Waktu itu semua orang ramai ekspor kayu gelondongan, kalau dapat izin HPH, cut a tree satu kapal US$1 juta dan saya lihat kayunya diekspor ke Singapura, Taiwan dan Korea Selatan [untuk diolah menjadi kayu lapis/plywood]. Kemudian Indonesia beli plywood lagi [karena belum ada pabrik pengolahan kayu]. Ini bisnis bagus. Saya pikir ngapain beli lagi, bodoh dong.

Lalu saya berpikir untuk membangun pabrik. Pemerintah juga appreciate, namun memang minta izinnya tidak gampang. Saya sampai kenal Pak Yusuf, Menteri Perindustrian saat itu. Saya sampaikan, semua orang ekspor kayu gelondongan, tetapi saya mau bangun pabrik plywood. Ditanya kapan selesai? Saya bilang 18 bulan selesai, lalu diminta lapor kalau sudah selesai. Itu 1973. Target selesai 18 bulan tapi 14 bulan sudah selesai dan pada 1975 saya lapor ke Pak Menteri Yusuf dan langsung disampaikan ke Presiden Soeharto untuk meresmikan.

Sekarang daerahnya aman, di perbatasan Aceh.  Dulu kan ada Gerakan Aceh Merdeka [GAM] di sana, tapi Pak Menteri bilang kalau soal keamanan itu urusan negara.

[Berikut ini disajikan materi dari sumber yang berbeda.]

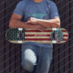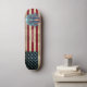 El Patinaje Dragónico Norteamericano Personalizado se trata de divertirse, y hay algo para todos en nuestra gama de patines. ¡Una magnífica patineta garantiza una sonrisa! ... Muestra tu orgullo americano o da un regalo especial con este patinador de la bandera estadounidense en un desgastado diseño de madera. Este diseño de skateboard de la bandera de los Estados Unidos con estrellas y rayas en blanco y azul rojo. Diviértete con tu mensaje personal: patinar por las calles y por el parque de patinaje, o viajar.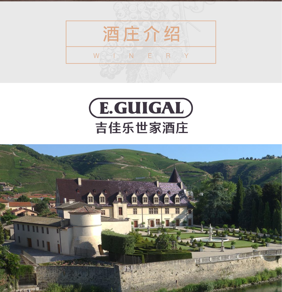 吉佳乐世家酒庄(E. Guigal)是罗第丘(Cote-Rotie)最富盛名,也是最重要的酒庄。1946年,艾蒂安•吉佳乐(Etienne Guigal)在罗第丘的酿酒中心阿布斯村(Ampuis)创建了该酒庄。阿布斯村历史悠久,其葡萄园已有超过2,400年的历史,至今仍保留着罗马时代的建筑物。1923年,14岁的艾蒂安•吉佳乐来到这里。他决定投身于酿酒业,一干就干了67年多。在1961年,年轻的马塞尔•吉佳乐(Marcel Guigal)接替了父亲管理酒庄。在马塞尔的努力下,吉佳乐世家酒庄开始收购一些知名的酒庄,实力不断提升。现在,该家族的第3代成员菲利普•吉佳乐(Philippe Guigal)担任着该酒庄的酿酒师,与伯尔纳德(Bernadette)、马塞尔(Marcel)一起构成酒庄的核心力量。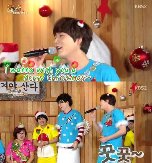 25일 방송된 KBS '해피투게더3'에 규현이 깜짝 등장했다. 캐롤을 부르며 등장한 규현은 출연진들의 환영을 받았다.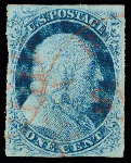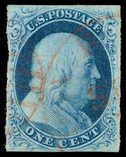 | Zusatzinformationen und Suchstichworte: | Kelleher 777. Auktion 15. - 17. November 2022 Los 262 USA 1851-57 Ausgabe 1851,1¢ blau, Typ IIIa (Scott 8A), ein Entlastung von Platte 1E, rot Orts- und Gitterstempel, schön gleichmäßig gerandet, herrliche Farbe gut akzentuiert mit leichtem rote Stempel, gestochen scharfer Druck, sehr schönes Beispiel; kleine helle Stelle, attraktiv sehr gute Wirkung, ex Lippman, mit 2012 Doporto Attest. Scott $925 Ausruf 180,00 USD |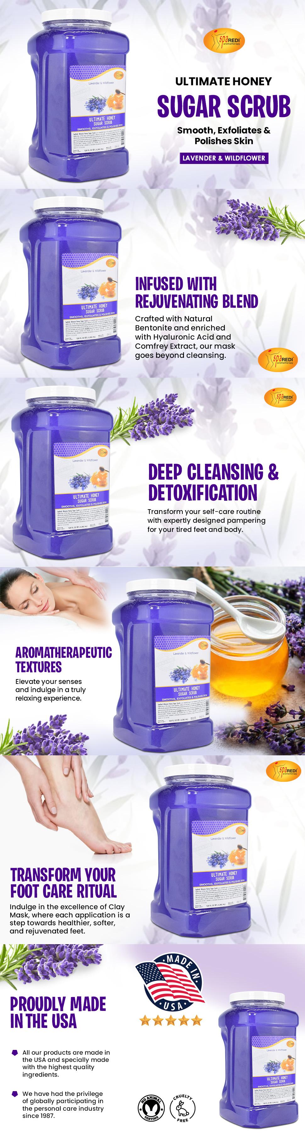 SPA REDI Sugar Body Scrub in Lavender & Wildflower is expertly crafted to exfoliate, moisturize, and nourish your skin, leaving it glowing and polished.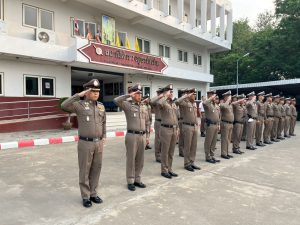 นำข้าราชการตำรวจในสังกัดร่วมเข้าแถว/ตรวจธงชาติ/เคารพธงชาติ/สวดมนต์/แผ่เมตตา/กล่าวบทปลงใจ/อุดมคติตำรวจกล่าวคำปฏิญาณตน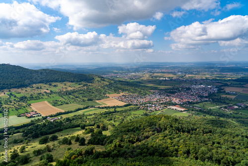 Aerial view of farmland and villages near Breitenstein, Swabian Alb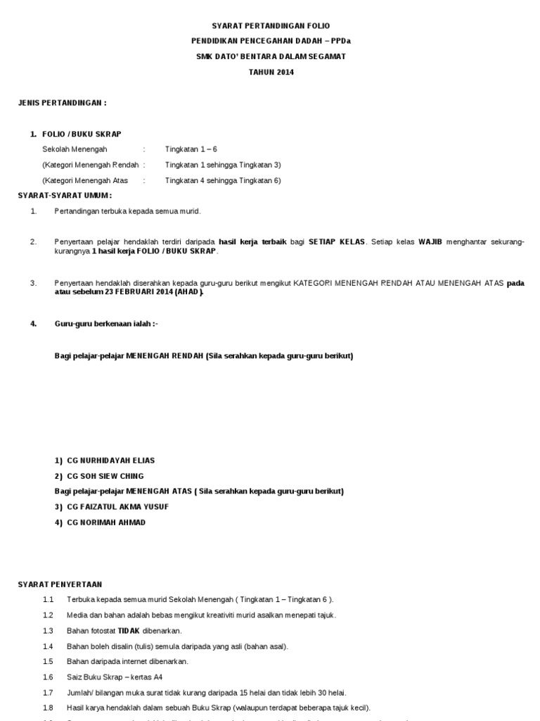 Syarat Pertandingan Folio Anti Dadah
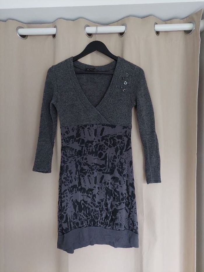 Belle robe-pull grise avec : - haut en laine et col en V, avec petits boutons d'ornement - bas en matière fluide, gris avec motifs noirs Très bon état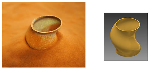 A pure copper object (left) 3D printed from a CAD model (right) using Shimadzu’s BLUE IMPACT diode laser. The lower half of the object is buried in copper powder. Image source: Shimadzu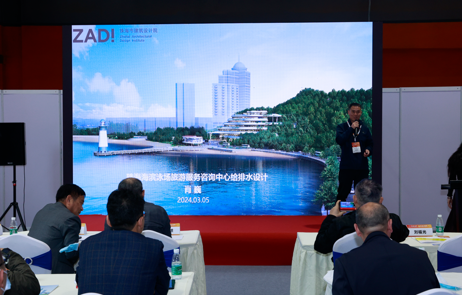 珠海市建筑設計院給排水總監 ,高級工程師肖巍先生做了《珠海海濱泳場旅游服務咨詢中心給排水設計》主題報告;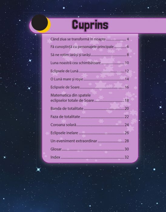 Această carte le explică copiilor, clar și pe înțelesul lor, ce sunt eclipsele, cum se formează și cum le-au studiat oamenii de-a lungul timpului. Ilustrațiile extraordinare și informațiile nemaipomenite le vor dezvălui tot ce este mai fascinant și uimitor despre ECLIPSE.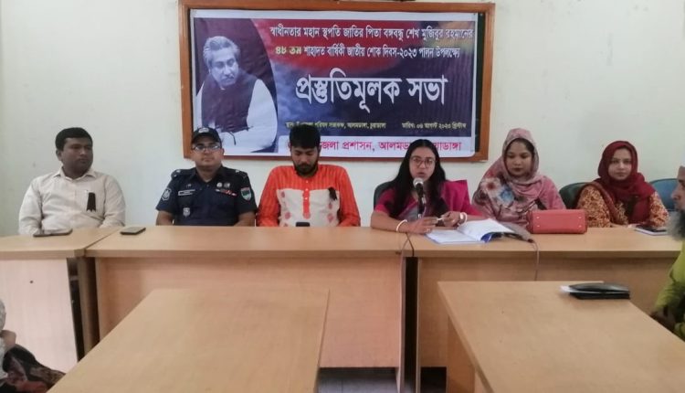 আলমডাঙ্গা ব্যুরো: আলমডাঙ্গায় ১৫ আগস্ট জাতীয় শোক দিবস পালন উপলক্ষে প্রস্তুতিসভা অনুষ্ঠিত হয়েছে। রোববার উপজেলা পরিষদের হলরুমে প্রস্তুতিসভা অনুষ্ঠিত হয়। প্রস্তুতি সভায় উপজেলা নির্বাহী অফিসার ¯িœগ্ধা দাসের সভাপতিত্বে প্রধান অতিথি ছিলেন উপজেলা ভাইস চেয়ারম্যান অ্যাড. সালমুন আহম্মেদ ডন। বিশেষ অতিথি ছিলেন উপজেলা সহকারী কমিশনার (ভূমি) রেজওয়ানা নাহিদ, প্রাণিসম্পদ কর্মকতা ডা. আব্দুল্লাহিল কাফি, কৃষি অফিসার রেহানা পারভীন, উপজেলা স্বাস্থ্য কমপ্লেক্সের মেডিকেল অফিসার নাজনীন সুলতানা কণা, আলমডাঙ্গা থানার পুলিশ পরিদর্শক অপারেশন শেখ ফরিদ। কলেজিয়েট স্কুলের উপাধ্যক্ষ শামীম রেজার উপস্থাপনায় উপস্থিত ছিলেন উপজেলা মাধ্যমিক শিক্ষা অফিসার জিয়াউল হক, উপজেলা শিক্ষা অফিসার শামসুজ্জোহা, ইউআরসি ইন্সট্রাক্টর জামাল হোসেন, আলমডাঙ্গা সরকারি কলেজের সহকারী অধ্যাপক ড. মাহবুব আলম, উপজেলা প্রকল্প কর্মকর্তা এনামুল হক, আলমডাঙ্গা পাইলট বালিকা বিদ্যালয়ের প্রধান শিক্ষক মনিরুজ্জামান, মহিলা ডিগ্রী কলেজের প্রভাষক কবিরুল হাসান, উপজেলা খাদ্য নিয়ন্ত্রক আব্দুল হামিদ, উপসহকারী মেডিকেল অফিসার ডা. মনজুরুল হক বেলু, উপজেলা আনসার ভিডিপি প্রশিক্ষক রওশনারা, পল্লী উন্নয়ন কর্মকর্তা শায়লা শারমীন, তথ্য অফিসার ¯িœগ্ধা দাস, আলমডাঙ্গা ওজোপাডিকোর আবাসিক প্রকৌশলী শাহিনুর রহমান, মেহেরপুর পল্লী বিদ্যুৎ সমিতির আলমডাঙ্গা জোনাল অফিসের পিইউসি শাহাদৎ হোসেন, পরিসংখ্যান তদন্তকারী মফিজুল হক, উপজেলা সমবায় অফিসার সাহারুল ইসলাম, উপজেলা মডেল মসজিদের ঈমাম মাওলানা মাসুদ কামাল প্রমুখ।
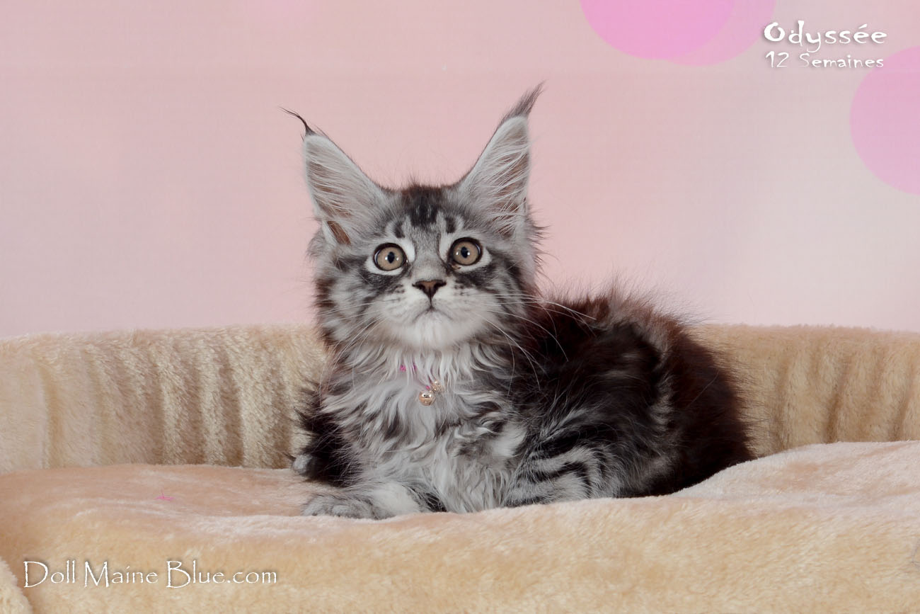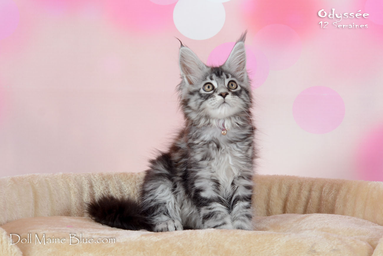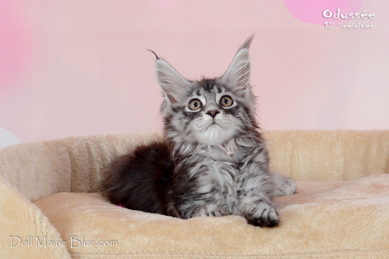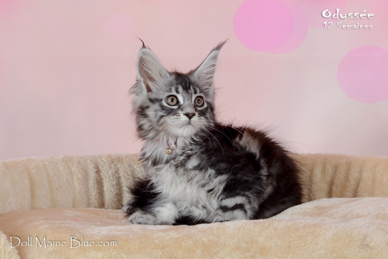 Maine Coon Femelle (Robe: Black silver blotched tabby)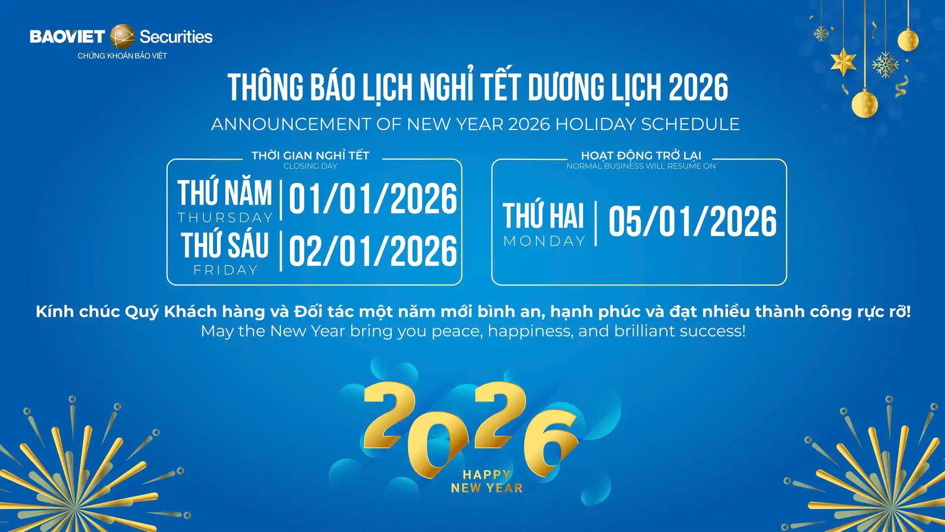 Công ty Cổ phần Chứng khoán Bảo Việt (BVSC) xin trân trọng thông báo tới Quý Khách hàng và Đối tác lịch nghỉ Tết Dương lịch 2026 cụ thể như sau: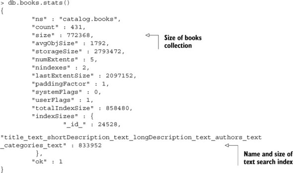 Listing 9.2. books collection statistics showing space use and index name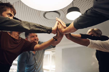 Teambuilding. Making hand stack of fists. Community spirit and friendship. Keeping high motivation. Happy diverse business team of employees celebrating success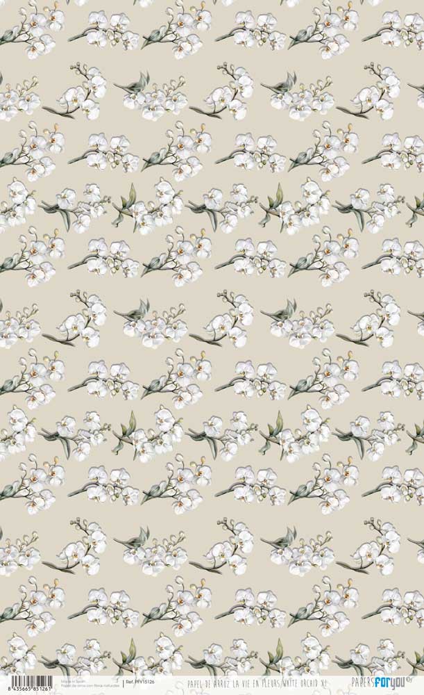 PFY-15126 – Papel Arroz 54×33 cm 25-30 gr. (La Vie En Fleurs White Orchid XI) – pack 6 ud.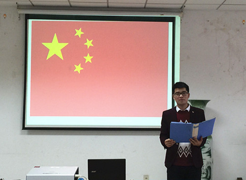 科生党支部选择在一二·九运动纪念日当天召开党支部大会接收预备党员,支部大会后还组织支部党员举办了“忆一二九 抒爱国情”诗歌朗诵活动。学生党员们分别朗诵了《我们不会忘记》、《和平颂》等诗篇,预备党员王磊同学还朗诵了自己原创的诗歌《中国梦梦之国》,在朗诵过程中,他们感情充沛,将自身的真情实感融入诗歌当中,用自己的凝重表达对侵华日寇,对战争的谴责。

Nah, ini pabrik kalau dikembangkan sekian juta kubik yang diproduksi bisa menyerap tenaga kerja ribuan orang. Kemudian bisnisnya [pabrik olahan kayu] lumayan berkembang hingga ada asosiasi Apkindo.

Setelah itu mulailah diversifikasi usaha, saya melihat potensi kebun [sawit]. Dulu swasta mana mau buka kebun [karena panennya lama]. Ini kan [Sumatra] dekat Malaysia. Di sana besar-besaran buka kebun. Lalu saya hitung-hitung ini Indonesia penduduk 10 kali lebih banyak dari Malaysia, [tetapi tidak ada yang mau buka perkebunan sawit]. Padahal Itu kan untuk bahan pangan, minyak goreng.

Saya bikin komparasi dan akhirnya saya bikin sawit. Kalau melihat tipe kerja di sektor perdagangan dan kerja industri ternyata kerja di sektor perkebunan ini lain lagi.

Kerja di kebun itu nafasnya harus panjang. Karena tanam sawit panen bisa tiga tahun paling sedikit dua tahun buah pasir jadi bisa lima tahun, harus pandai kelola cashflow-nya.

Bagaimana kondisi pasar pada saat itu? Apa pertimbangannya?

Kalau buat sesuatu itu harus serius. Kalau tidak mengerti tanya. Jangan malu bertanya. Kemudian harus lihat juga daya saing, kekuatan, dan kelemahannya apa saja. Jangan hanya asal maju saja, terus karena lihat orang untung, lalu kita mau urus izin juga.

Sepanjang merintis bisnis, keputusan apa yang Anda nilai paling sulit untuk diambil?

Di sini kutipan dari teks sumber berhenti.